- Genres: Alternative rock, indie, classical No Wave
- Occupations: Musician, Art designer
- Instruments: Accordion, keyboards, vocals, guitar, percussion, oberheim, synclavier, synthesizer

= Anne DeMarinis =

Anne DeMarinis is an American musician and visual artist known for designing album covers. She is a former member of Sonic Youth.

In 1981 she founded the No Wave band Interference with David Linton and Michael Brown.

== Musical Career ==
Anne DeMarinis was in the No Wave band Sonic Youth for a brief period in 1981 as a keyboardist when they performed for the first time at the Noise Fest at the White Columns art space. She contributed vocals, along with Kim Gordon, and Thurston Moore, on three (known) Sonic Youth songs performed once, and only live on June 18, 1981. The songs are entitled "Noisefest #1", "Noisefest #2", and "Noisefest #3". She also played guitar at that same show on the song entitled "Noisefest #4".

DeMarinis left the band before their self-titled debut EP was recorded in December 1981.

In 1981, she also appeared on the Just Another Asshole compilation.

DeMarinis also appears on Glenn Branca's instrumental album Symphony No. 1 where she is credited for keyboards and percussion and as a co-producer.
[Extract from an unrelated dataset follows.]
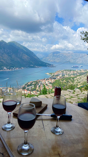 This rustic spot features a few tables and chairs with a stunning panoramic view of Kotor Bay, along with two toilets for visitors. He serves up simple but delicious fare: local bread, cheese, and prĆĄut (prosciutto), along with cold beer, wine, and of course, very proudly, his homemade rakia.

Thurston Moore, and Lee Ranaldo also appear on this album.

She also appears on Ten Roir Years, along with Thurston Moore and Lee Ranaldo.

DeMarinis also worked with Laurie Anderson on her album's United States Live, and Talk Normal: The Laurie Anderson Anthology.

She appears on the cover compilation album Live at the Knitting Factory: Downtown Does the Beatles, where she plays the accordion.

In 1993, she played accordion on Kurt Hoffman's Band of Weeds.

She played accordion on the album Dot by George Cartwright.

In 1994, she was credited for playing accordion on the album To All My Friends in Far-Flung Places by Dave Van Ronk.

She is credited on two of Robert Een's albums Big Joe (1995), and Mr.Jealousy (1998).

DeMarinis is credited as the "Art Director" on Michael Davis' album Trumpets Eleven, and on his album Brass Nation.

She played the accordion, and is also the art director on the album Smoke and Mirrors by Steven Elson.

In 2006, she appeared on Dave Soldier's Chamber Music CD.